On November 18, 2013, the Department of Defense (DoD) issued a final rule, effective the same day, amending the Defense Federal Acquisition Regulation Supplement (DFARS) to impose requirements for safeguarding unclassified controlled technical information residing on contractor information technology systems and databases.
In short, the rule requires implementation of certain security standards if a contractor has access to or stores specified types of controlled technical information on its computer networks, mandates self-reporting by contractors to DoD within 72 hours of a “cyber incident,” mandates maintenance of certain evidence for 90 days if a contractor or subcontractor’s network containing controlled technical information is subject to a cyber incident, and requires a flow down throughout the supply chain to all subcontractors. The rule has potentially significant implications for a large percentage of US defense contractors, whether located in the United States or abroad.
While this rule has a considerable regulatory history (see discussion below), it nonetheless leaves open a number of questions regarding scope and implementation, some of which we identify and discuss in this advisory.

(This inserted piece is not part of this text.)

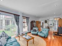 Stacking doors open onto a covered louvred patio, ideal for entertaining, overlooking a beautifully maintained private garden that’s perfect for family relaxation or quiet outdoor enjoyment.

Background to the New Rule
DoD published a proposed rule on June 29, 2011 to implement adequate security measures to safeguard unclassified DoD information residing on contractor information systems from unauthorized access and disclosure, and to prescribe reporting to DoD with regard to certain cyber intrusion events that affect DoD information resident on or transiting through contractor unclassified information systems. The proposed rule covered a wide range of proprietary information, but only required enhanced controls and cyber-intrusion reporting for a subset of covered information, such as certain export-controlled information. The proposed rule was preceded by a 2010 advanced notice of proposed rulemaking. DoD received numerous comments in response to both the proposed rule and the ANPRM.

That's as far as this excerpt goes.